If you're using CMake, you can instead import the library using (for instance) a git submodule:

add_subdirectory(path/to/objpipe)
target_link_libraries(my_target objpipe)

If objpipe is properly installed, the following should work:

find_package(objpipe 0.0 REQUIRED)
target_link_libraries(my_target objpipe)

(objpipe is an interface library, so it does not have an actual library, but does contain options to link correctly (thread-safe) and get the correct includes via the target.) In both cases, the include directories are set correctly.

Related work

  1. Boost iterator provides an alternative for transforming and filtering. Contrary to objpipe, it also allows for the iterator to modify the collection it iterates over (under certain conditions) and usually maintains the iterator category.
  2. Boost range provides a range interface, similar to the pull interface of objpipe. Similar to boost iterator (mentioned above) and Range-v3 (mentioned below) it preserves the iterator category.
  3. Reactive Extensions for C++ implements transformations and iteration. Like objpipe's push interface, it is based on streaming values. In addition, its observables allow for multiple subscribers, while objpipe always uses a single subscriber.

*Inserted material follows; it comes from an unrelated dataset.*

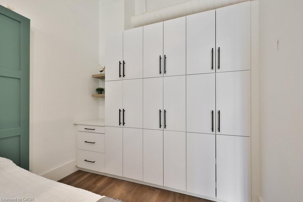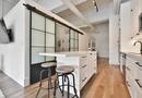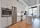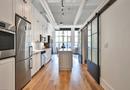 Welcome Home to the historic Kaufman Lofts in the heart of the Innovation District! This stunning 2-bedroom loft perfectly blends urban style with contemporary comfort. Featuring 14’ ceilings, luxury vinyl plank flooring, and custom barn doors, this open-concept space exudes character and sophistication. The modern kitchen showcases extended-height cabinetry, a large working island with seating, quartz countertops, and stainless steel appliances, ideal for both everyday living and entertaining. Enjoy an abundance of natural light through oversized windows and take advantage of custom built-in storage in each bedroom, plus the convenience of in-suite laundry. Residents of Kaufman Lofts enjoy access to premium amenities including a rooftop patio with community BBQ and dining area, a meeting/party room, bicycle storage, and visitor parking. Located just steps to the new Google Office, Sun Life and Manulife head offices, as well as restaurants, shops, and LRT transit, this loft offers the ultimate downtown lifestyle.

Unlike objpipe, it does not have a pull based interface.
  4. Range-v3 conceptualizes sequences, like objpipe does. Range-v3 ranges do not own their data, while objpipe does own its data (with some explicit exceptions). Unlike objpipe, it does not seem to have an abstraction of a range, like objpipe::reader provides.
  5. A combination of STL algorithm calls, such as std::transform, std::copy_if, can be used to achieve the same transformation effects, but would lose the streaming property.
  6. Range-based-for iteration (for (auto item : collection)) with a code block can achieve the same effect.
  7. Java streams does the same thing as the above, but for Java, instead of C++. In particular, it's (parallelizable) reduction operations inspired the way of reducing that is used in objpipe.

Additional Documentation

Documentation can be generated by the objpipe-doc target.

Or alternatively, can be browsed online.